The Story of North Lawndale
Originally just called Lawndale, the North Lawndale community area was named by a real estate developer in the late 1800s. Its name was meant to evoke a suburban feel, distant from the noisy city. However, North Lawndale became a neighborhood busy with the flurry of nearby industry.
Manufacturers, such as McCormick Reaper Works and Sears, set up shop near North Lawndale in the late 19th century, attracting a European immigrant workforce, according to the Encyclopedia of Chicago. In the early 20th century, Russian Jews began to settle in the community, leaving the overcrowding of Maxwell Street on the Near West Side. North Lawndale was soon an epicenter of Jewish culture in Chicago, with synagogues and social organizations all around the neighborhood.
Watch: North Lawndale
By the 1960s, African Americans began moving into North Lawndale. White residents left for other neighborhoods and suburbs, and the community began to feel the effects of disinvestment. Racial tensions, poverty, and rising African American unemployment eventually led Dr. Martin Luther King, Jr. to choose North Lawndale as the base for the civil rights movement in the North. He moved into an apartment in the community in 1966 to bring attention to racist housing policies. The riots that followed his assassination left scars that can still be seen in the neighborhood today.

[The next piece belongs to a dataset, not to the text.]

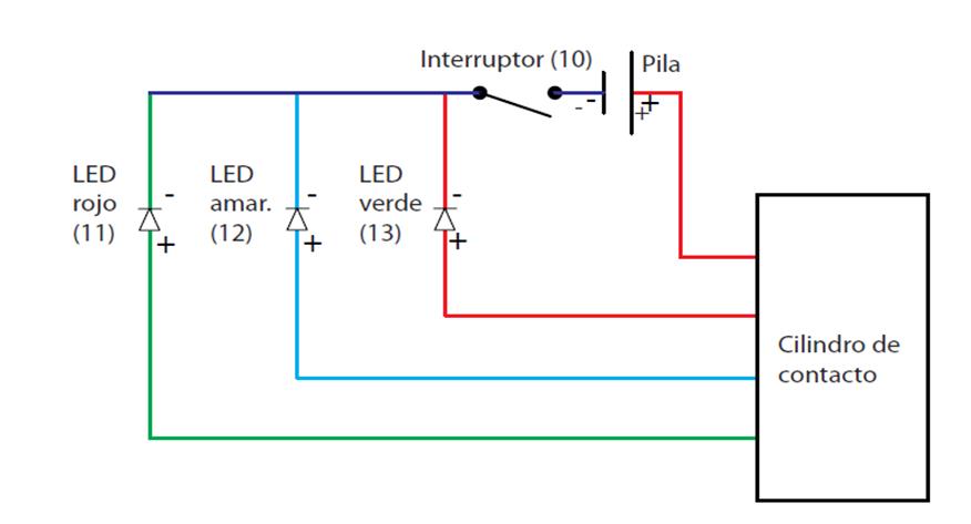 11. Pelar un trozo de 250 mm de cable eléctrico (14) y soldar el ánodo (+) del LED rojo (11). Soldar el otro extremo del cable con la cinta de latón en el extremo exterior del cilindro de contacto (ver esquema de conexiones).

The population has since declined as North Lawndale experiences the side effects of disinvestment like poverty and crime. But like many other Chicago neighborhoods in similar circumstances, the residents of North Lawndale are working to change that. Today, nonprofits such as My Block, My Hood, My City want to shift the perception of North Lawndale through community engagement, such as youth-led tours that highlight North Lawndale’s history and neighborhood pride.
The Pink Line makes stops at Kedzie, Central Park, Pulaski, and Kostner in North Lawndale.
Neighborhood Spotlight: Historic K-Town
In one part of North Lawndale and other west side neighborhoods, you’ll find that all the street signs start with the letter K. In Lawndale, this area, which is now on the National Register of Historic Places, is known as K-Town.
In the late 1800s, Chicago was planning to name all north-south streets with successive letters of the alphabet, separated into one-mile sections starting at the Indiana border. Residents in the first 10 miles resisted the plan, so the alphabet names started with the letter K – the 11th letter of the alphabet – 11 miles west of the state line. Today, old houses, some of which are identical greystones, line Karlov, Keeler, Kedvale, and more K-named streets.
Things to Do
My Block, My Hood, My City offers youth-led tours that showcase the hidden gems of the North Lawndale community.